The Bridge design is basically sound and boost arc to overcome gap or fluid pressure rise in breakdown voltage is a bonus. The higher voltage guarantees triggering of the power arc that follows and does not need to be high current, it can be milliamps compared to Amps of the low voltage . Each discharge energy pulse is directly related to the CV^2, so it would be useful to have a linear control proportional to V^2 with ranges controlled by switchable C values for different metals, where the energy is measured in Joules or Watt-seconds. Now both the Cap and arc will have low ESR and it is recommended to have the Cap ESR much lower than the Arc unless there is a reason to limit current with lossy ESR, but preferable series inductance and pulse width can control current better with lower loss.
I don't have any EDM experience, but it wouldn't take me long to get up to speed. ( although I have diffusion bonding experience for bonding tubes with radial diffusion bonding up 100kA which is more difficult as the diffusion weld goes around the circumference, the welded resistance naturally drops so more power must rise rapidly from start to finish around the circumference of the tubes joined to maintain constant arc temperature.. ( Zirc. shim for Monel Steel tubing for Nuclear reactors, circa '79)
Perhaps with your practical experience ,we can put together a general design spec in a table of values, from which I could generate a feasible design.

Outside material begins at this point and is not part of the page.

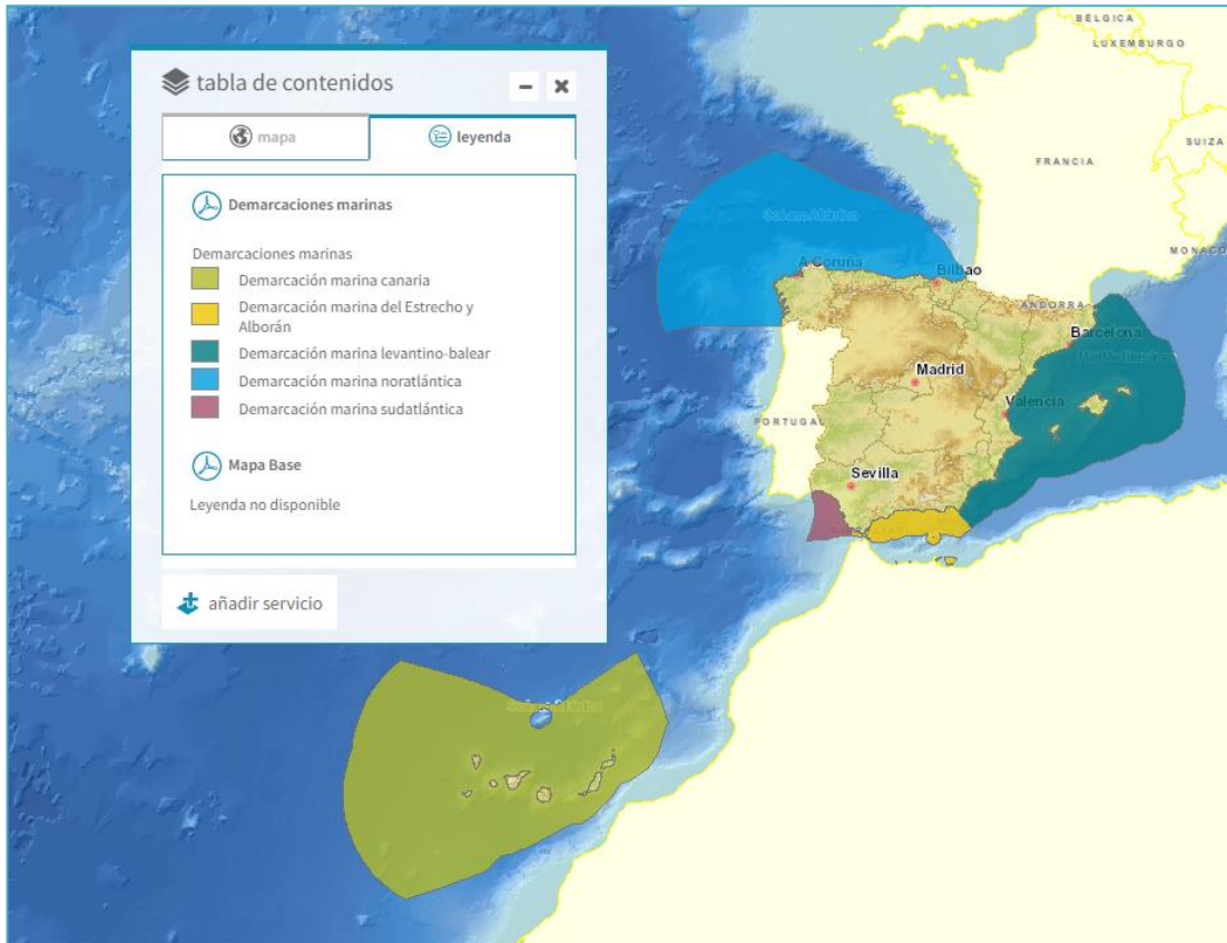
Imagen general del servicio (delimitación de las demarcaciones marinas)

La información cartográfica que se puede visualizar en este servicio es la siguiente:

1) Joule range; Arc trigger voltage
2) Pulse width range;
2a) cutoff criteria (Joules or Amps, threshold )
3) Pulse Interval range;
4) Materials: brass, steel , alum , copper, SS , tool steel, molyb. etc. variations...

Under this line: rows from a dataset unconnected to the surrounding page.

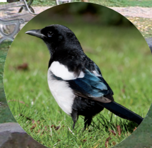
17 Pie bavarde
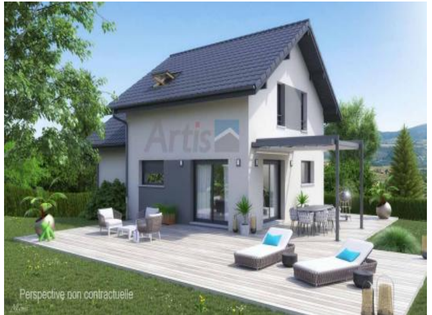
Perspective non contractuelle
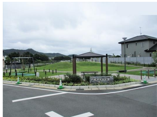
新井形公園整備状況写真
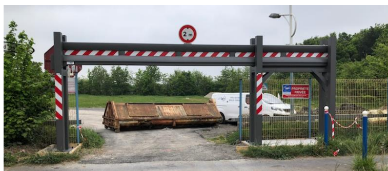
Version avec option double poutre renforcée ht 540 mm et poteaux de 150
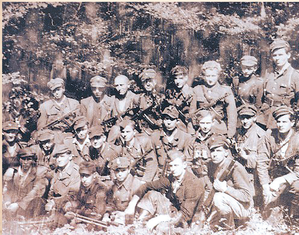
Członkowie UPA odcinka „Lemko”

Wysiedlenia miały być prowadzone równocześnie z aktywną likwidacją sił UPA na tym terenie. Według danych operacyjnych dowództwa GO „Wisła” na dzień 1 kwietnia 1947 r., liczbę aktywnych, uzbrojonych członków UPA szacowano na ponad 2400 osób. Do tego dochodziła liczna grupa członków cywilnych siatek OUN czy lokalnej samoobrony.

5) EDM methods; RAM, Small Hole, Wire
6) Fluid types;
7) Fluid pressure ;
8) Electrode material, shape , diameter:
9) Electrode Fluid tube design; single hollow tube, tri-tube in 1
10) ??
This may exist already in a concise EDM manual, but items 4+ affect items 1~3 which I can easily design, once defined.
Most of challenges are in the magnetics as in Welders etc and a non-saturated core is critical, which may be a large gapped core, or non-ferrous core
I would choose battery power with a charger to avoid the line pulse currents that will be 10x the average current of a standard line bridge rectifier with 10% ripple.
When I get a chance, I'll read Anadian's thesis.